Exercise »
After locating the line that holds "Proenza Schouler's 'Darena'", copy that line and all that follow it word for word through the end of the data, with no pictures.

Records contained in a dataset »

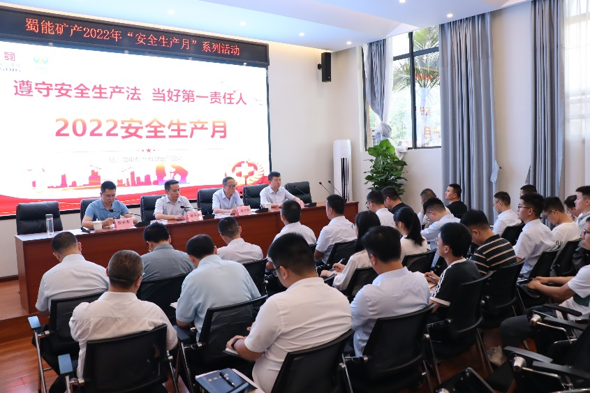 ? ? ? ?為貫徹國務(wù)院安委辦、應(yīng)急管理局、四川省安委辦關(guān)于開展2022年全國“安全生產(chǎn)月”活動相關(guān)要求,6月24日,蜀能礦產(chǎn)公司開展“安全生產(chǎn)月系列活動”,活動以“遵守安全生產(chǎn)法,當(dāng)好第一責(zé)任人”為主題,通過第一責(zé)任人安全倡議書宣讀、安全目標(biāo)責(zé)任書簽訂、消防演練、安全知識有獎競答等方式,向廣大干部職工宣傳安全知識,落實(shí)安全生產(chǎn)責(zé)任?;顒佑晒靖笨偨?jīng)理韓方建主持,領(lǐng)導(dǎo)班子及全體員工參加。
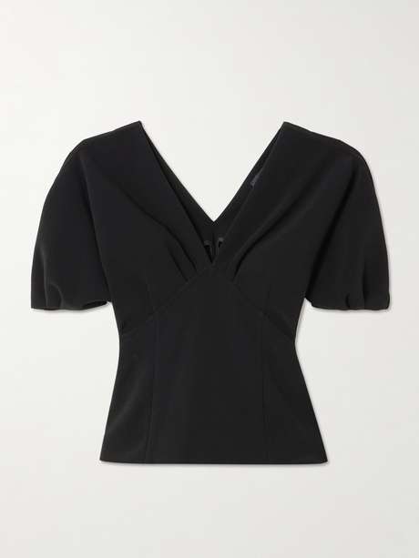 Proenza Schouler's 'Darena' blouse is cut from stretch-crepe to closely hug your waist. It has a V-neckline that's mirrored at the back and gathered sleeves that hit an elbow length. Wear yours with tailored pants or an A-line skirt.
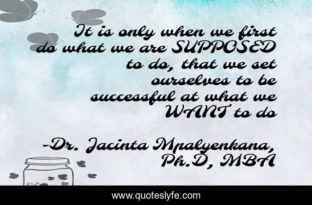 This page presents the quote "It is only when we first do what we are SUPPOSED to do, that we set ourselves to be successful at what we WANT to do". Author of this quote is Dr. Jacinta Mpalyenkana, Ph.D, MBA. This quote is about life, life-and-living, philosophy-of-life,.
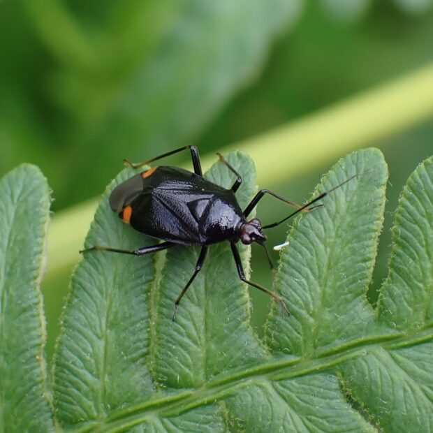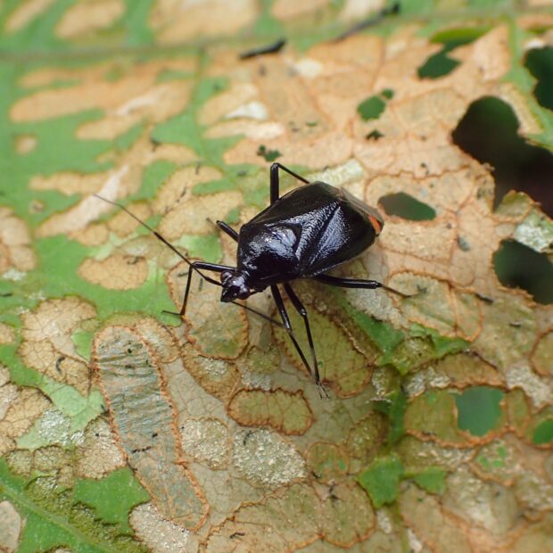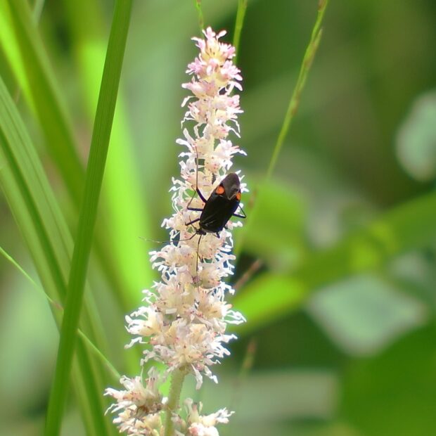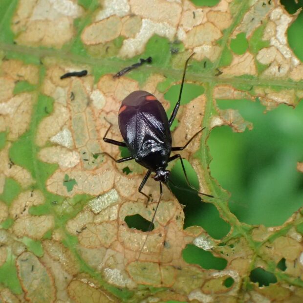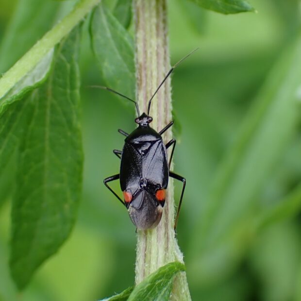 カスミカメムシ科の仲間。 光沢のある黒色の体に、 赤色の紋が目立ちます(赤色の紋がない黒化型がいる)。 山の草地で生活し、 花にやって来ます。
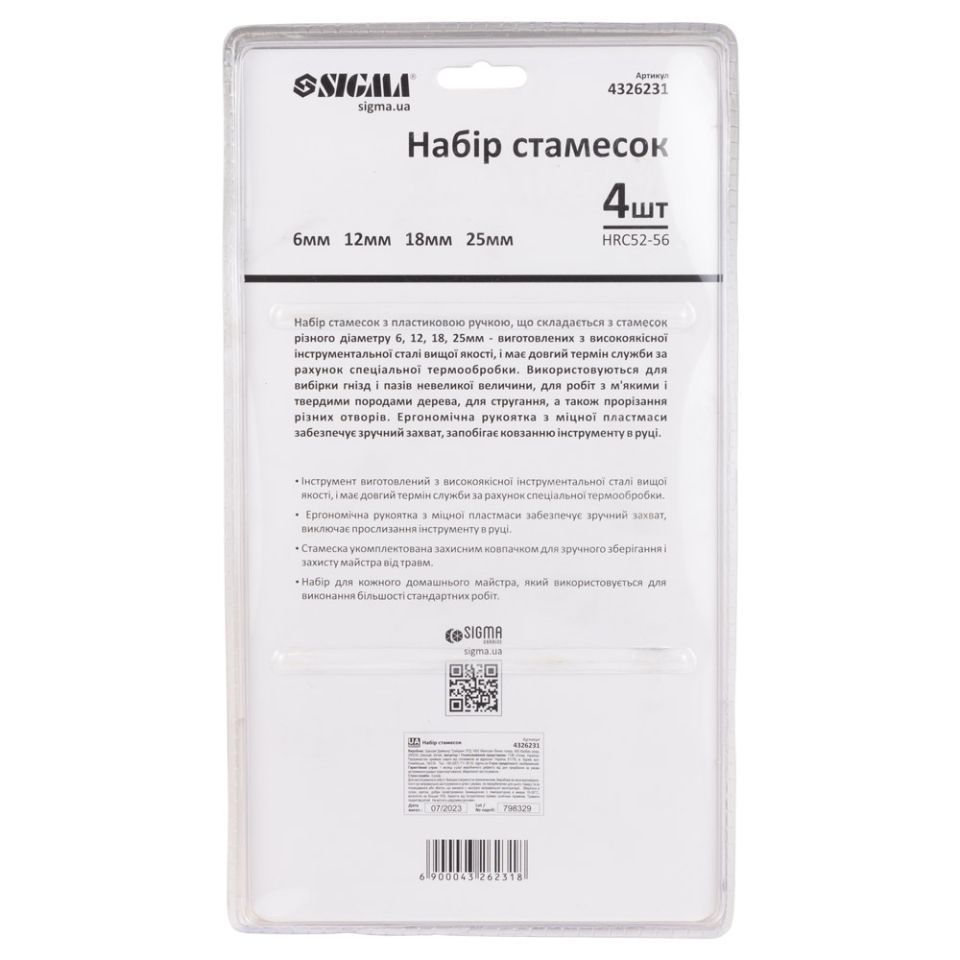 Набор стамесок 4шт (6, 12, 18, 25мм) пластиковая ручка SIGMA 4326231

Completed exercise »
 Proenza Schouler's 'Darena' blouse is cut from stretch-crepe to closely hug your waist. It has a V-neckline that's mirrored at the back and gathered sleeves that hit an elbow length. Wear yours with tailored pants or an A-line skirt.
 This page presents the quote "It is only when we first do what we are SUPPOSED to do, that we set ourselves to be successful at what we WANT to do". Author of this quote is Dr. Jacinta Mpalyenkana, Ph.D, MBA. This quote is about life, life-and-living, philosophy-of-life,.
 カスミカメムシ科の仲間。 光沢のある黒色の体に、 赤色の紋が目立ちます(赤色の紋がない黒化型がいる)。 山の草地で生活し、 花にやって来ます。
 Набор стамесок 4шт (6, 12, 18, 25мм) пластиковая ручка SIGMA 4326231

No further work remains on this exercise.